Practical Dad

Driving Up the Cost of Higher Ed:  Bette and the New Educational Baseline

Before he departed for his freshman year in college, Middle and I were talking about student debt and the high cost of a college degree.  He looked at me and asked "How in the hell did this happen?"  This article is the third in a series that tries to make sense of what in the hell did happen to so disproportionately ratchet up the costs of higher education.

The cost of a degree didn't just skyrocket willy-nilly over the course of decades, much as the shuttle Challenger didn't just explode and the Titanic didn't just sink.  In each instance, there were a variety of reasons that came together to set the stage for the events in question by guaranteeing that higher education now had a far more massive demand for its services than ever existed previously in American history.  In terms of the demand for higher education, the first factor was globalization and the knowledge-based economy.  The theory was that the lower-end and unpleasant manufacturing would be farmed out overseas and the Americans would, in their wisdom and foresight (and for those with Asperger's, this is sarcasm), keep the higher-end technical manufacturing, administrative and service functions here.  The second factor - and the one that we'll explore here - is also business-related:  starting in the 1970s and afterwards, the business community shifted the educational baseline for employment from the high school diploma to the college degree.
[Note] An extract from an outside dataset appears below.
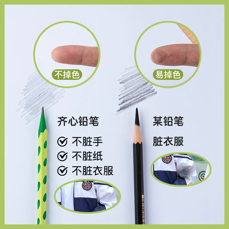 圆孔状凹槽设计,掌握正确执笔姿势,三角笔杆,不易滚动跌落精选木材,紧密贴合保护铅芯搭配橡皮,便于高效擦除安全无铅毒,上市公司品质保证
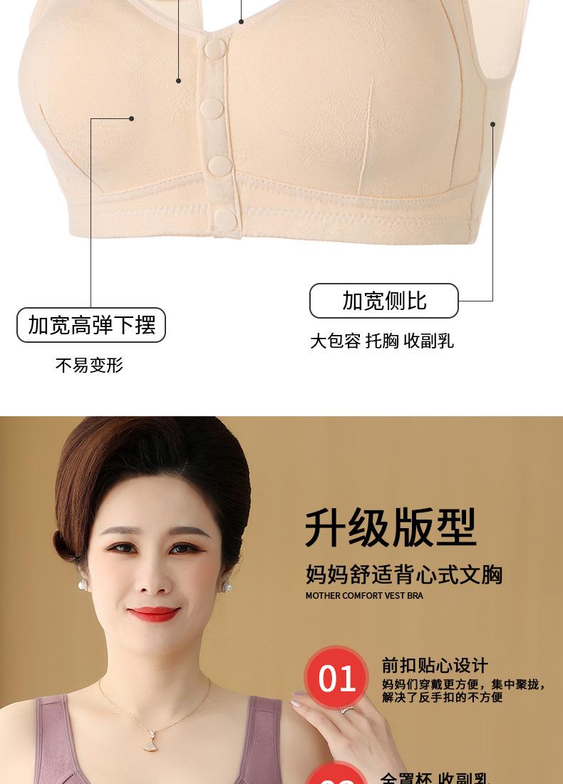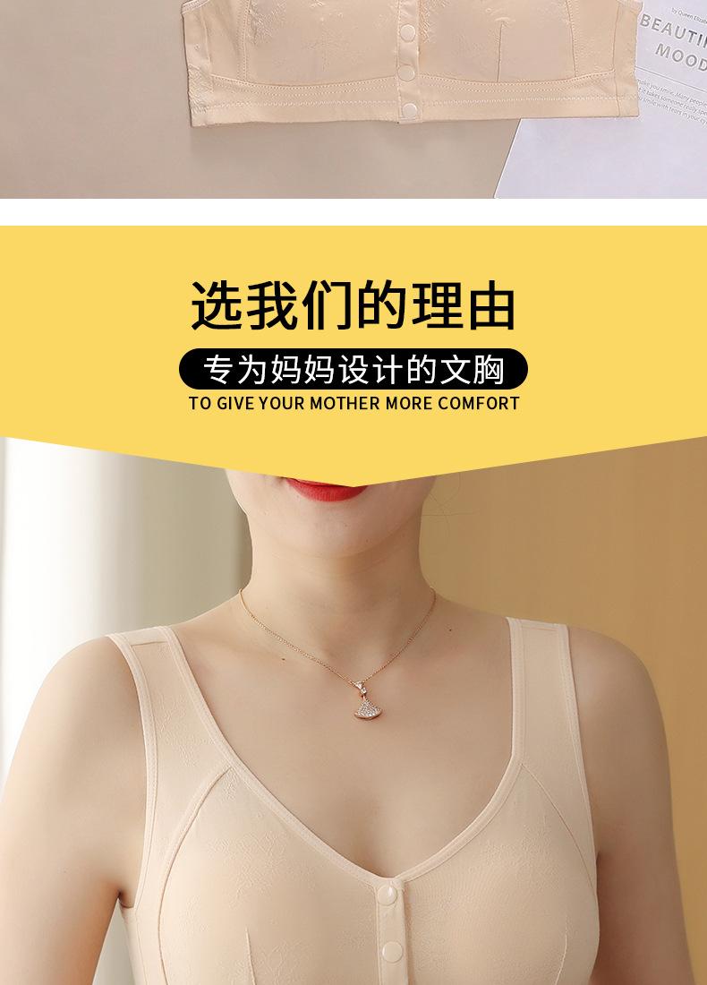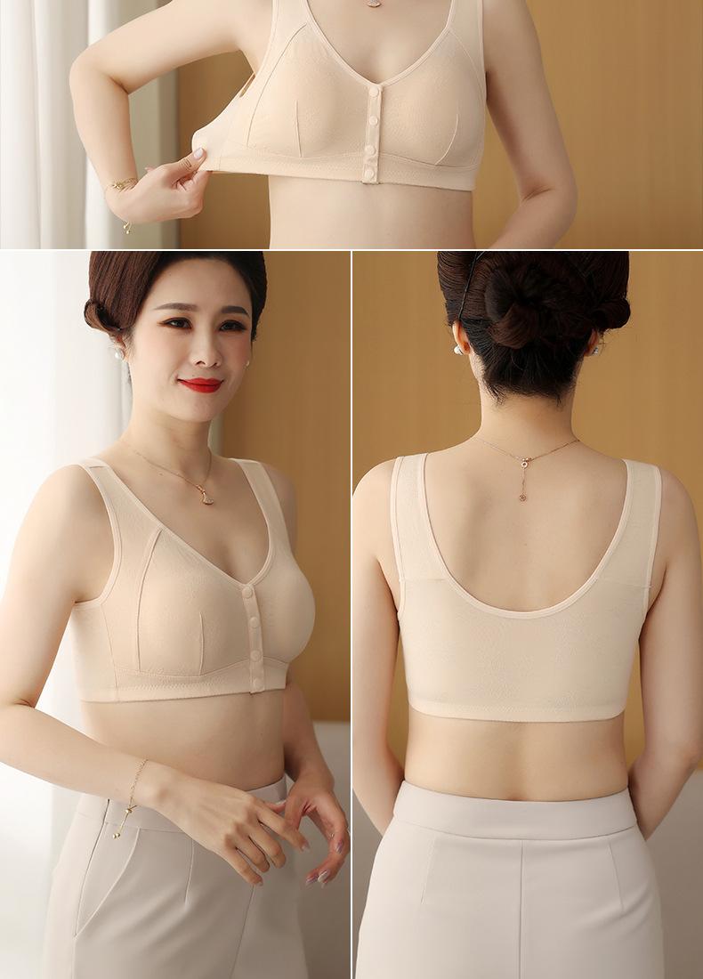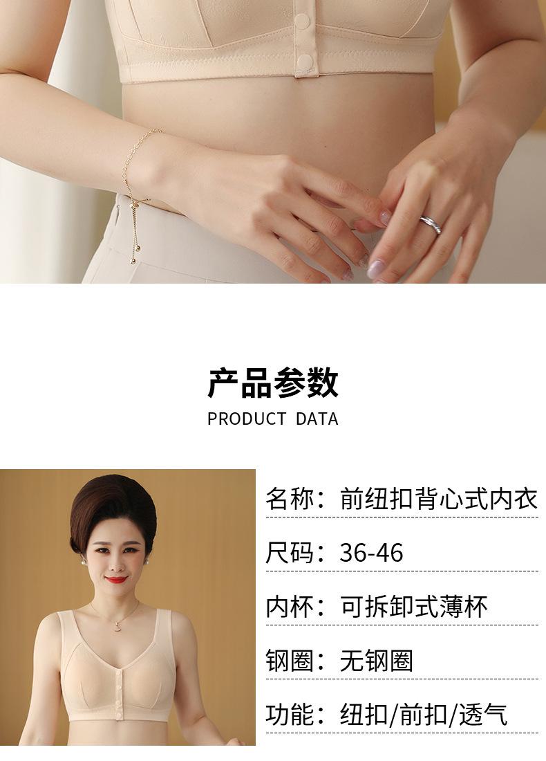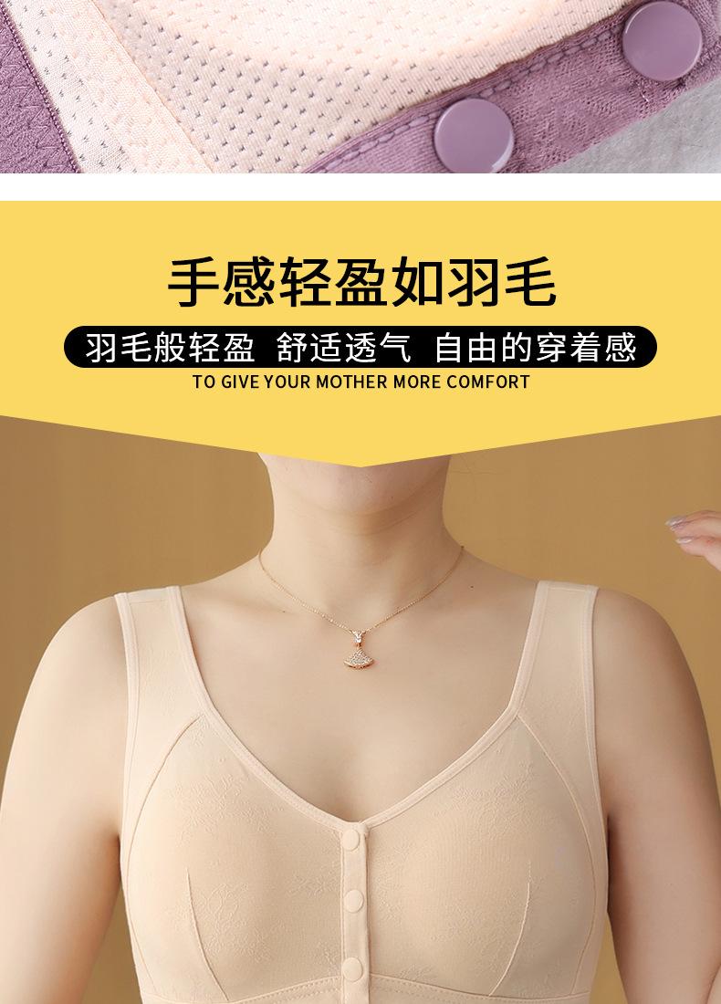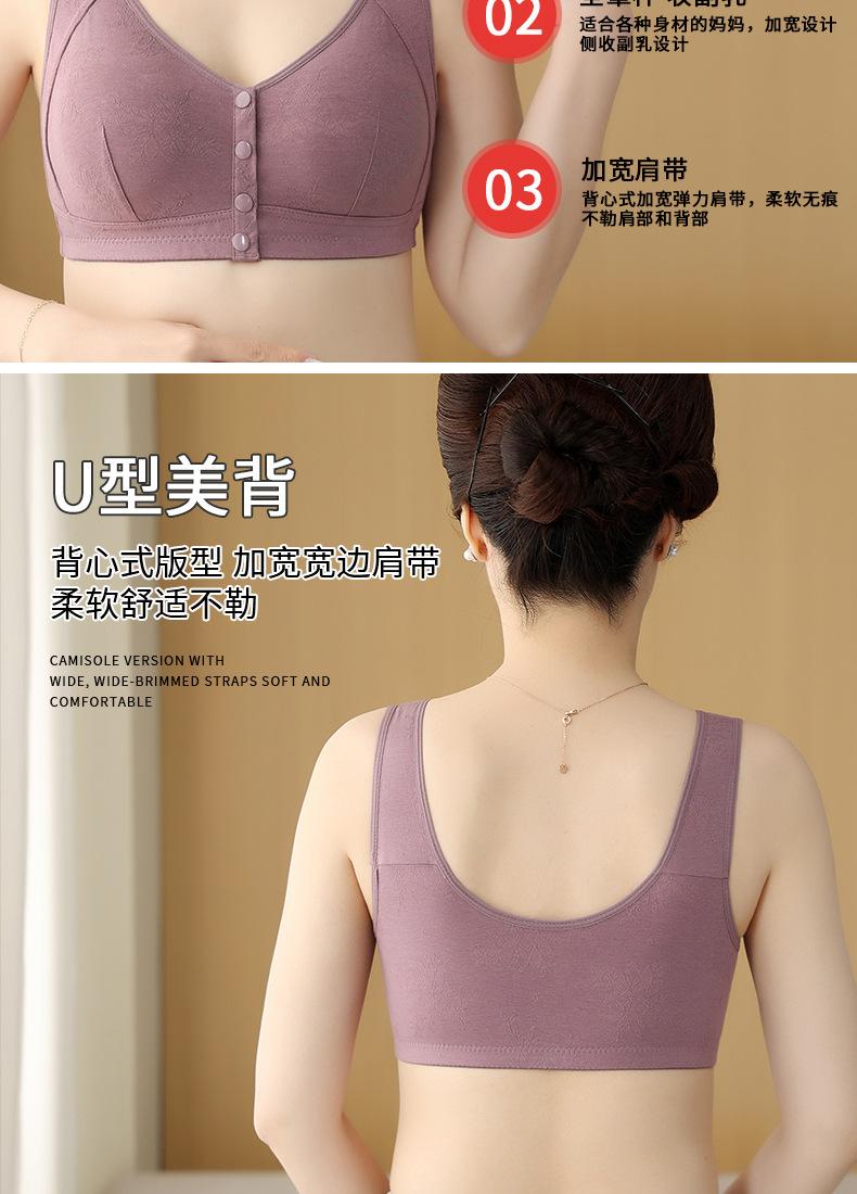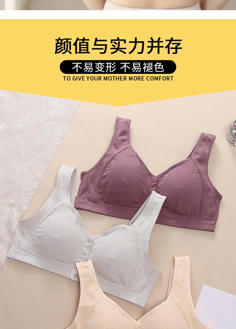 Sujetador chaleco para madre de mediana edad y anciana, hebilla de apertura frontal, sin aro de acero, ropa interior de algodón para lactancia, sujetador jacquard transpirable para mujer

A reasonable part of the shift during the last quarter of the twentieth century was objective.  The baseline for academic performance - rightly or wrongly - is the SAT and since the the Golden Era of the 1960s, the average SAT scores on both the verbal and math components had dropped consistently.  There was also continuing criticism of the public school system and its apparent inability to prepare young people to compete in the workplace.  No, folks, what we discuss today has been around in one form or another for decades.  American business through the 1970s and 1980s was in the process of having its lunch eaten by the Japanese and Germans and entire industries were simply being destroyed.  Remember the textile industry?  Foreign competition was hungrier and the sense was that the former Axis powers had lost the Second World War but were well into the process of winning the peace.  Given these factors, the push was on in the business world to recruit more and more college graduates to work instead of those with potentially suspect high school diplomas.  Hey, our high schoolers might be idiots but the good ones go through the still-respected college system and are ready to roll in the workforce was the attitude.  If you are old enough to recall the stories about Ford Pintos catching fire and Chrysler employees sending cars out the factory doors with empty bottles rattling around inside the car doors, it actually made sense.  This gave the kids another four years to mature and gain a better education in preparation for the world.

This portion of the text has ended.